--- Source material ---

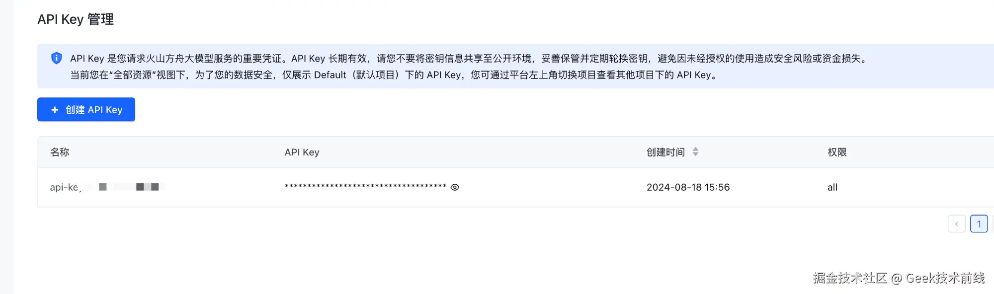 前往 API key 管理 创建 API key
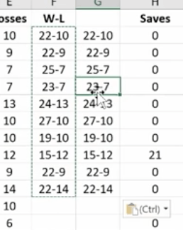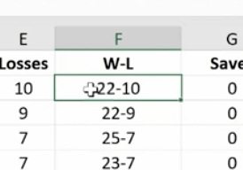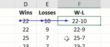 If you do want to delete the Wins and Losses columns, you must first make a new column. Copy the W-L numbers and Paste Value in the new column. This way you’ve moved from a formula to the new information. If you delete your source information without taking this step you’ll be left with nothing.
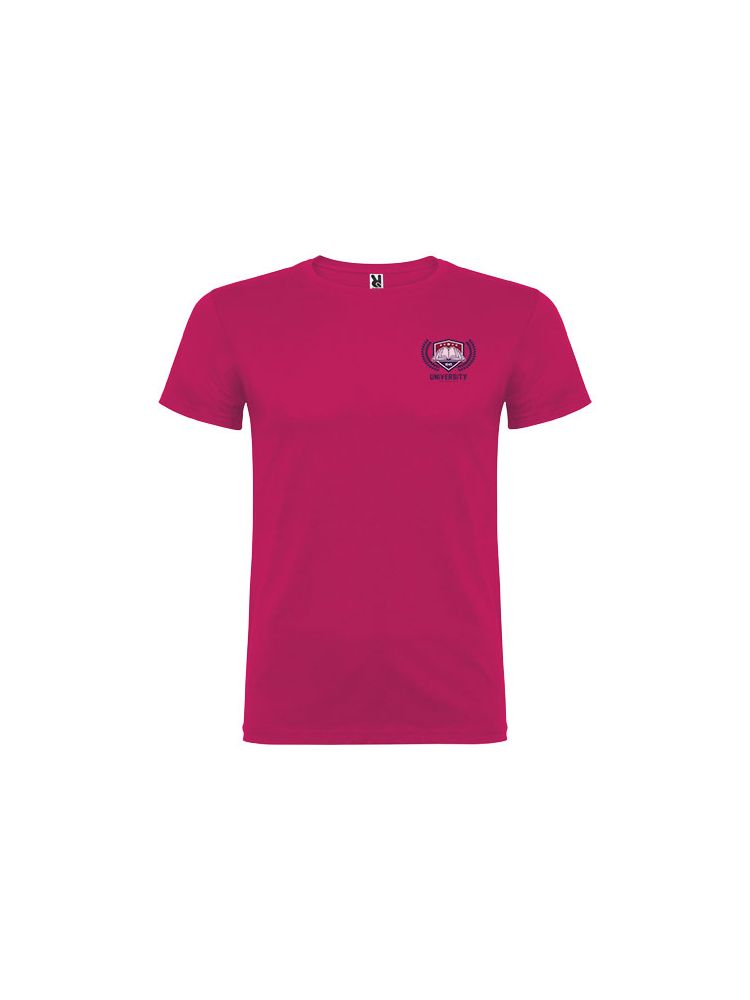 T-shirt z krótkim rękawem. Podwójna tkanina z dodatkiem elastanu przy kołnierzu. Wzmocnione, kryte szwy na karczku. Brak szwów bocznych w wersji dla dorosłych. Usuwalna metka.
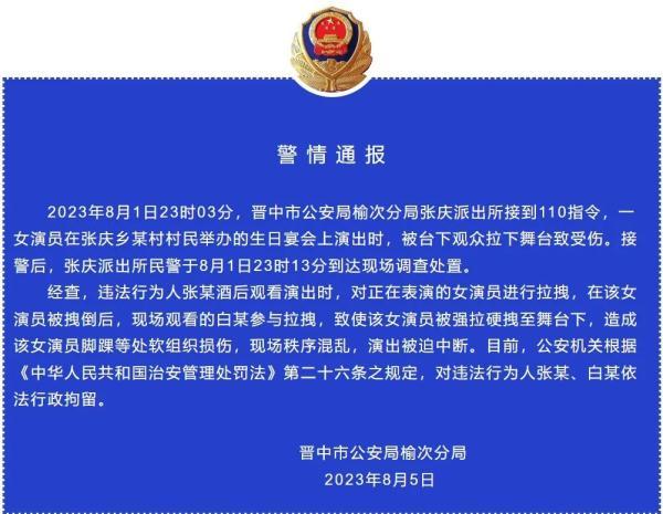 2023年8月1日23时03分,晋中市公安局榆次分局张庆派出所接到110指令,一女演员在张庆乡某村村民举办的生日宴会上演出时,被台下观众拉下舞台致受伤。

---

- _What this task involves_: An exact transcript is required, covering the lines from the one containing "If you do want" through the end of the listing above, inclusive, without pictures.

- _Response to the exercise_:
 If you do want to delete the Wins and Losses columns, you must first make a new column. Copy the W-L numbers and Paste Value in the new column. This way you’ve moved from a formula to the new information. If you delete your source information without taking this step you’ll be left with nothing.
 T-shirt z krótkim rękawem. Podwójna tkanina z dodatkiem elastanu przy kołnierzu. Wzmocnione, kryte szwy na karczku. Brak szwów bocznych w wersji dla dorosłych. Usuwalna metka.
 2023年8月1日23时03分,晋中市公安局榆次分局张庆派出所接到110指令,一女演员在张庆乡某村村民举办的生日宴会上演出时,被台下观众拉下舞台致受伤。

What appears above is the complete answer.